Hey guys, I have never had a problem with tf2, I have a 4870, windows 7 64 bit, quad core etc etc, basically the top of the line 2 years ago. Recently, my tf2 has not been able to launch. Some things I might have done to cause this were, fooling around with some steam properties trying to get a pirated copy of magika to work. There was an issue with me not being able to connect to the main host servers, but I remedied that. When I click play game it prepares to launch game, then my cursor does the little loading thing, but then thats it, so I CRTL + ALT + DLT and hl2.exe is running in the processes. Things I have tried doing is a COMPLETE reinstall of steam + TF2 meaning I cleaned my registry and deleted local content etc. Fiddling around with the launch options, validating integrity of game, moving a certain .dll to the main folder incase it was calling something that wasnt there. Ive tried quite a few things. So please, I need your guys help  I want to be able to play again, thanks!


----------



## tgtony (Mar 5, 2011)

*Re: TF2 Does not open, hl2.exe runs in the background*

Bump, please this is really important to me :3


----------



## tgtony (Mar 5, 2011)

*Re: TF2 Does not open, hl2.exe runs in the background*

Bumpppp


----------



## Camisado (Feb 2, 2011)

I had an issue with hl2 not working and it had to do with my UAC, you might try looking into that


----------



## Headpred (Aug 16, 2009)

*Re: TF2 Does not open, hl2.exe runs in the background*

Hello tgtony,
Welcome to TSF! I hope I will be able to help you. Can you tell me what launch options you tried on TF2? Did you try using -safe mode?


----------



## tgtony (Mar 5, 2011)

*Re: TF2 Does not open, hl2.exe runs in the background*

I have not used safe mode, nor have I tried fiddling with my UAC, I have admin turned on.

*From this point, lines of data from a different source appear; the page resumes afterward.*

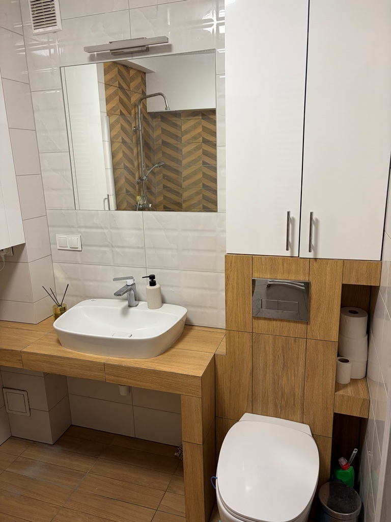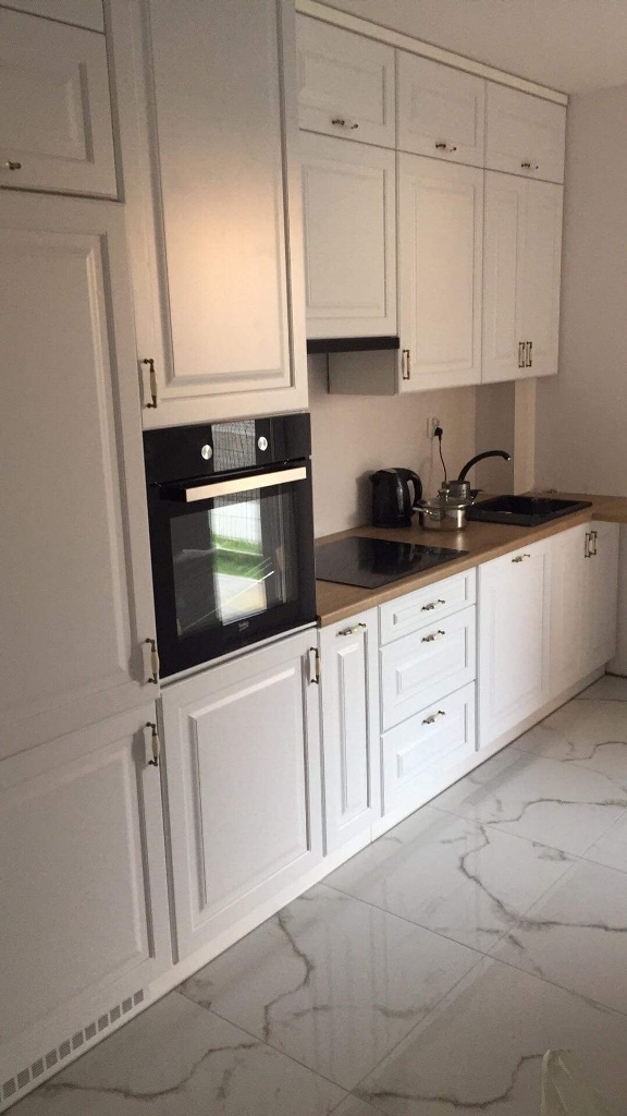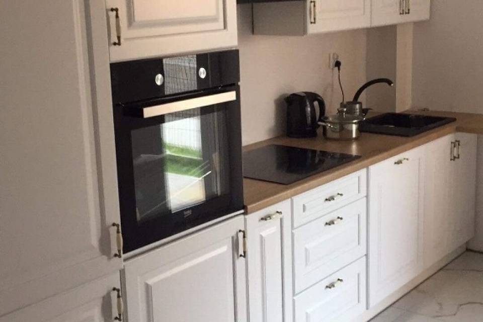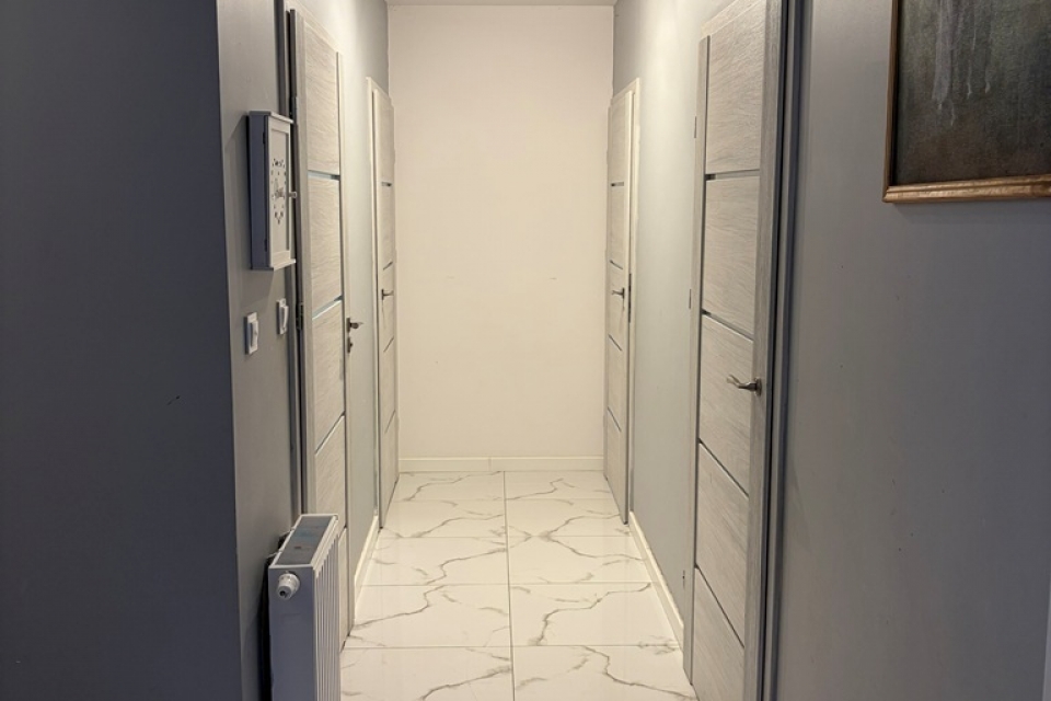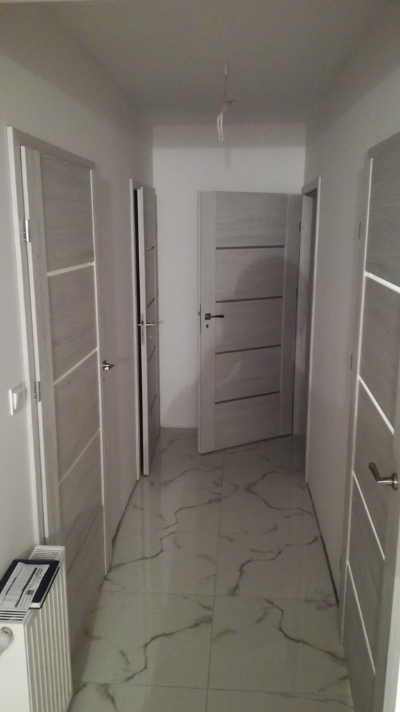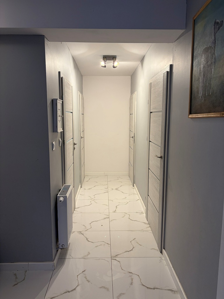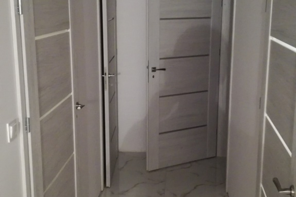 - podłogi: panele w pokojach, płytki w łazience, kuchni i przedpokoju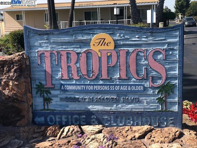 Affordable Mobile Home in the Tropics (adult park) features: 2 bedrooms; 2 full baths; updated kitchen with granite countertops, stainless steel appliances, and newer cabinets; separate living and family rooms; dining area with built in hutch; primary suite with private bath; tiled flooring in kitchen; laminate flooring in living room & family room; indoor laundry with front loader washer & dryer; dual pane windows; 2 storage sheds; near guest parking & more. Fireplaces: NO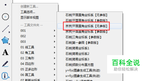 需要跟大家说明一下,这里要使用几何画板自定义工具,还是迷你坐标系,选择无参版的直角坐标系。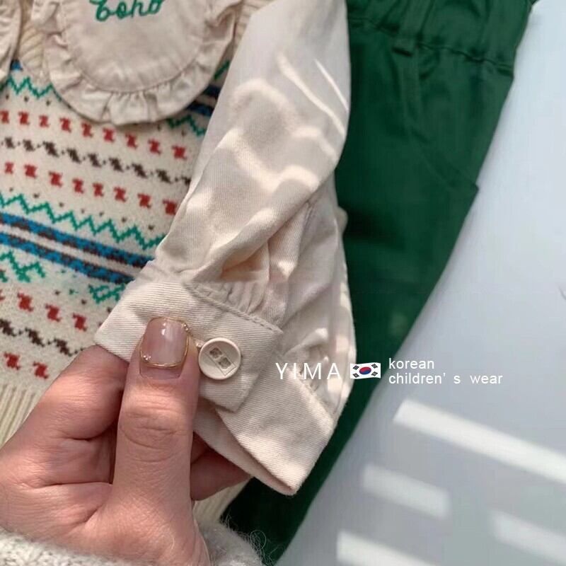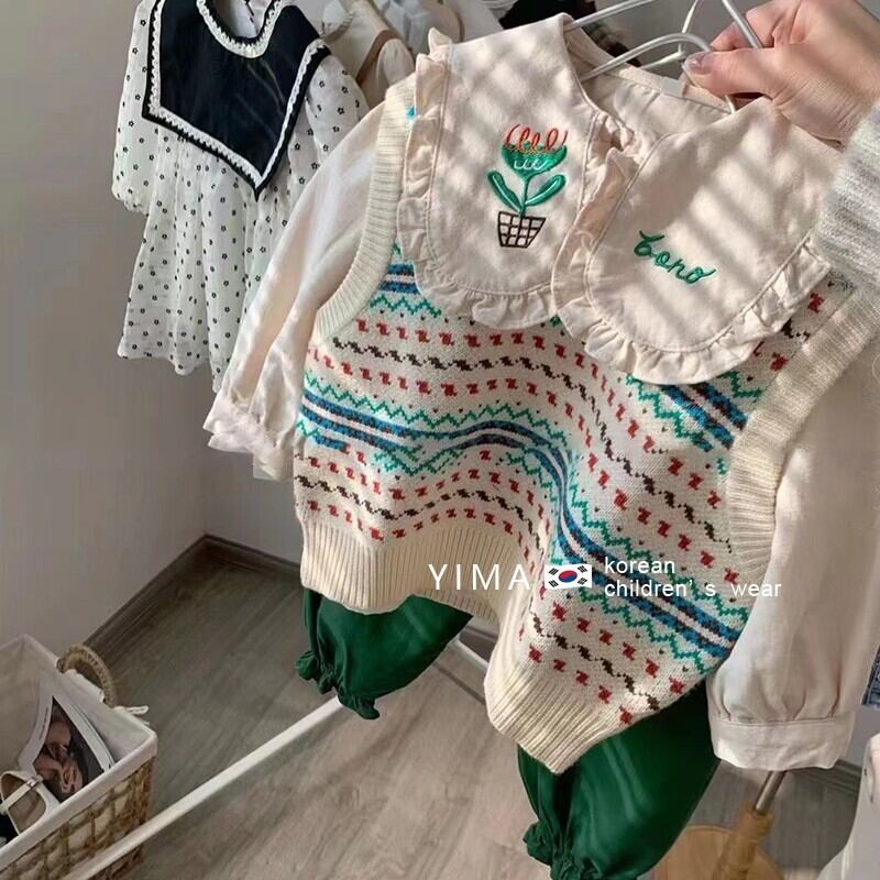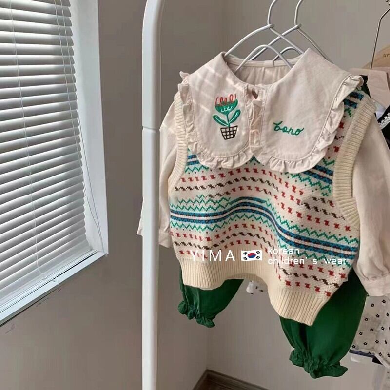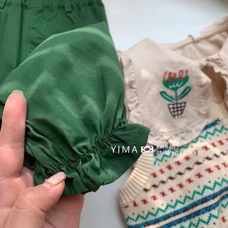 色:ベージュのニットベスト,ベージュのラペルシャツ,グリーンパンツ

*Edit* Just tried running in safe mode and as admin, still didnt work :3


----------



## Headpred (Aug 16, 2009)

*Re: TF2 Does not open, hl2.exe runs in the background*

How you tried using -autoconfig in your launch options? 
Also you may try locating a file in your steam folder which is called clientregistry.blob, this commonly fixes small issues on steam games.


----------



## tgtony (Mar 5, 2011)

*Re: TF2 Does not open, hl2.exe runs in the background*

What should I do with the clientregistry.blob or w.e


----------



## tgtony (Mar 5, 2011)

*Re: TF2 Does not open, hl2.exe runs in the background*

Aw yah deleting clientregistry.blob fixed it, thanks sooo f'ing much man!!


----------



## Headpred (Aug 16, 2009)

*Re: TF2 Does not open, hl2.exe runs in the background*

You are most certainly welcome. Enjoy your game.
Suppose next time it would help if I told you what to do with the file LOL!


----------



## tigerblue4u2 (Mar 31, 2011)

ehh Mine still doesnt work, i think i have the same problem!


----------